Currently, Facebook is utilizing hashtags applied to its Instagram photos to generate AI-based algorithms for detecting specific types of objects in images:
Having so many images for training helped Facebook’s team set a new record on a test that challenges software to assign photos to 1,000 categories including cat, car wheel, and Christmas stocking. Facebook says that algorithms trained on 1 billion Instagram images correctly identified 85.4 percent of photos on the test, known as ImageNet; the previous best was 83.1 percent, set by Google earlier this year. Tom Simonite, “Your Instagram #Dogs and #Cats Are Training Facebook’s AI” at Wired
Basically, it is taking all of the photos which are tagged with “dog” and “cat” and using them to train its software to identify dogs and cats in other photos. The Facebook engineers know that their training data contains pictures of dogs and cats because the users told them so. For free!
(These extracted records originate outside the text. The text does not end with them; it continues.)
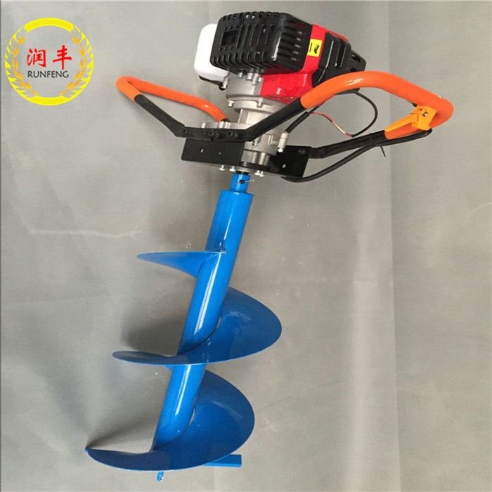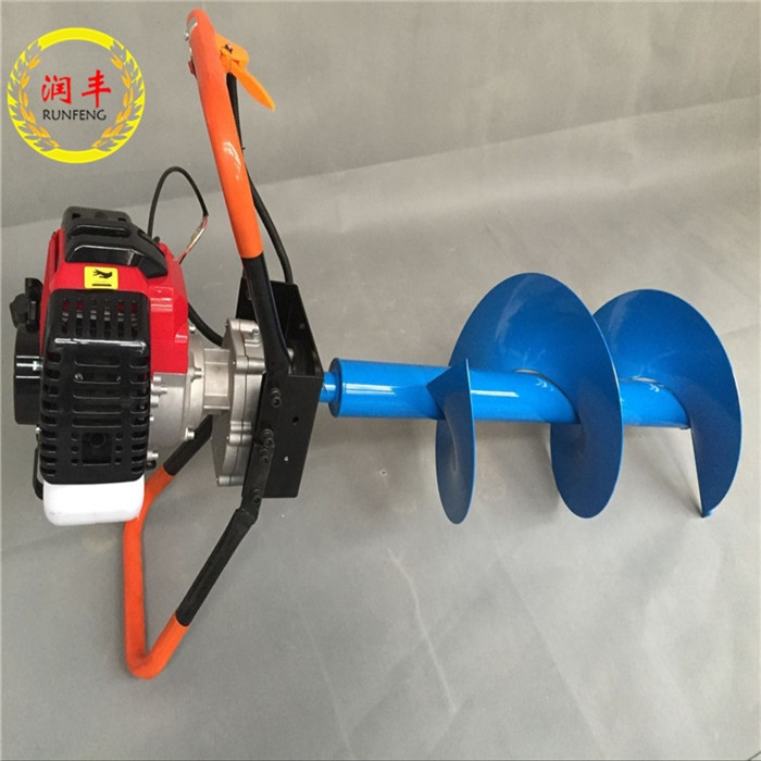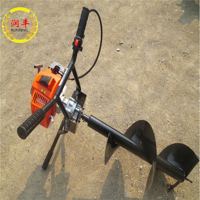 植树挖坑机是适用于园艺、城市绿化、坡地植树挖坑、沙土质地及果园种植果苗作业,荒山荒地、次生林地、采伐迹地以及黄土高原的沟坡进行造林前的整地或挖坑。同时可用于果园、桑园、茶园和城镇进行小树移植、四旁绿化和挖坑追肥。在工地、牧场可用以埋设桩柱在冰层上打孔篱笆柱桩孔,大棚立柱孔用途广泛。植树挖坑机特点:极大地提高机械化植树造林效率又能保证苗木的栽植质量。是人们退耕还林的;好帮手 植树挖坑机具有体积小、质量轻、启动快、结构功能完善、操作简单单人双人男女都可操作使用、挖坑作业机动性能好等特点,引起了各地农机部门的喜爱与重视。植树挖坑机所挖出的坑径与坑深能满足栽植树木的要求,挖出的坑径有较好的垂直度,坑壁整齐,又不太光滑利于根系的生长,此机在贫瘠的土地上挖树坑时出土率在90%以上,在坑内添加肥料和表土回填都很实用。润丰植树挖坑机钻头采用锰钢合成更加的坚硬。对硬土质,超硬土质,粘土,冻土等都能对它很有效的实施工作,并能达到工作要求.
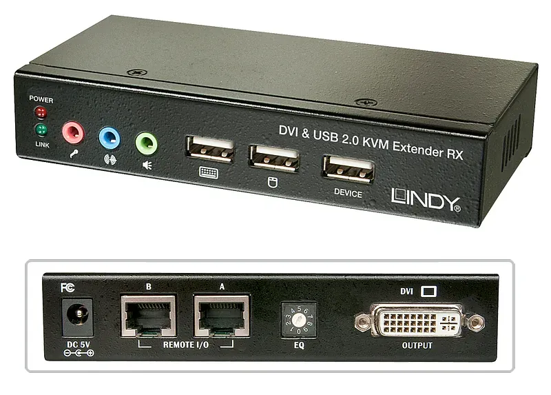 Lindy KVM pikendaja, DVI-D + USB + Heli (1920x1200 kuni 50m CAT5/6 kaabliga)
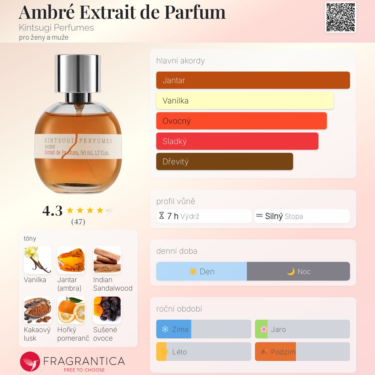 Ambré Extrait de Parfum podle Kintsugi Perfumes je Orientální vůně pro ženy a muže. Toto je nová vůně. Ambré Extrait de Parfum byl/a uveden/a v roce 2024. "Nosem" za touto vůní je Martin Švach. Vrchní tóny jsou Kakao, Hořký pomeranč, Sušené ovoce, Rum a Paprika; střední tóny jsouŠvestka, Dub, Vonokvětka, Neroli a Fazole tonka ; základní tóny jsou Vanilka, Jantar (ambra), Indian Sandalwood, Myrha a Labdanum.
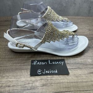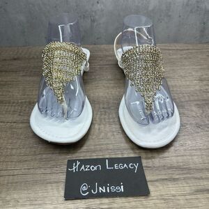 Thalia Sodi~Women's~White Embellished Open Toe Wedge Sandals~Size 9M
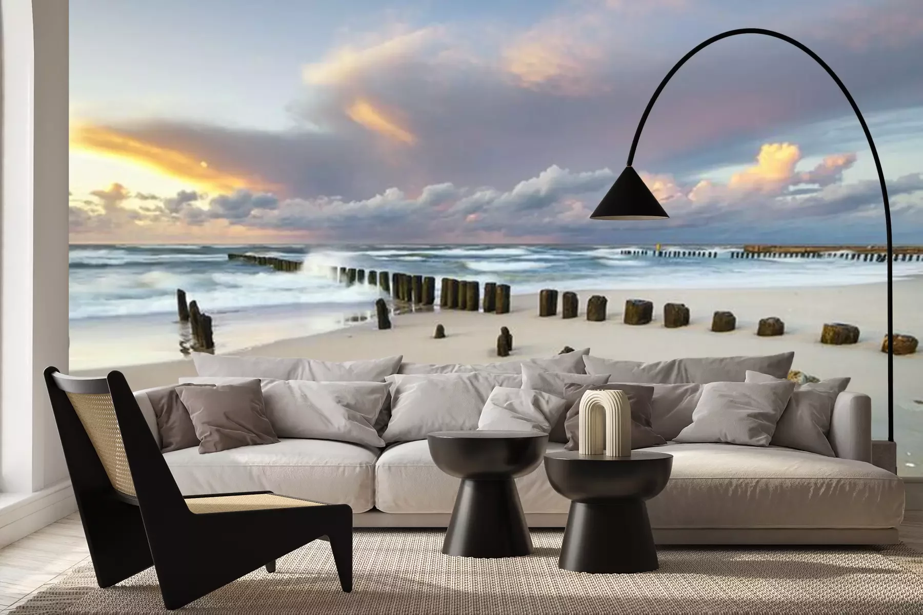 Het materiaal Premium+ is een gestructureerd vinyl op vlies met een gewicht van 255 g/m², dat kleine oneffenheden in de muur effectief camoufleert. De subtiele structuur van fijn zand geeft het oppervlak een exclusieve uitstraling, terwijl de halfmatte afwerking de diepte van de kleuren benadrukt. Het materiaal is dampdoorlatend, waardoor het ook in de keuken en badkamer kan worden gebruikt. De maximale breedte van één baan bedraagt 100 cm – bij grotere afmetingen wordt het fotobehang in meerdere gelijke banen verdeeld. De lijm wordt direct op de muur aangebracht en het behang wordt rand-aan-rand geplakt, wat zorgt voor een esthetisch resultaat zonder zichtbare naden. Het oppervlak kan gemakkelijk worden schoongemaakt door het voorzichtig af te nemen met een vochtige doek.
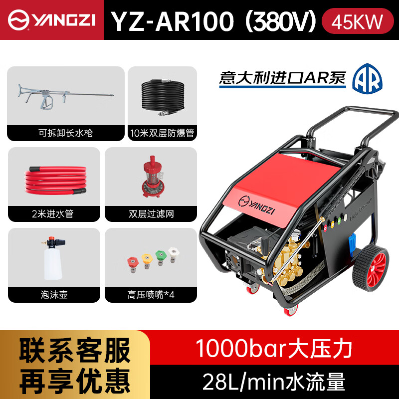 揚子高壓清洗機YZ-AR 工業用除銹除油漆車間清洗機,進口AR泵高性能耐高壓,定制高壓管柔韌耐用高硬度不漏水,感應系統關槍停機。

The best data mining comes from finding ways to get other people to give you data without even realizing that is what they are doing. Data scientist Luis von Ahn is a master of this. He has invented numerous games in whose object coincides with providing von Ahn’s companies with data that they can use to train their AI: Intro:
Like Tom Sawyer, von Ahn has found a simple and mischievous solution: turn the task into a game. Computer solitaire eats up billions of man-hours a year, he points out, and does nobody any good. But he says his “games with a purpose” will accomplish all sorts of useful tasks. Players will translate documents from one language to another or make it easier for blind people to navigate the Web—all while having fun. And unless they pay attention to the fine print, they may not even know they’re doing good. Polly Shulman, “The Player” at Smithsonian Magazine
One example is von Ahn’s “ESP” game. In this online game, two people are pulled together at random but cannot communicate with each other. They are each shown the same picture. The goal is to write words that they think the other user will also write, winning points for the words that both parties write.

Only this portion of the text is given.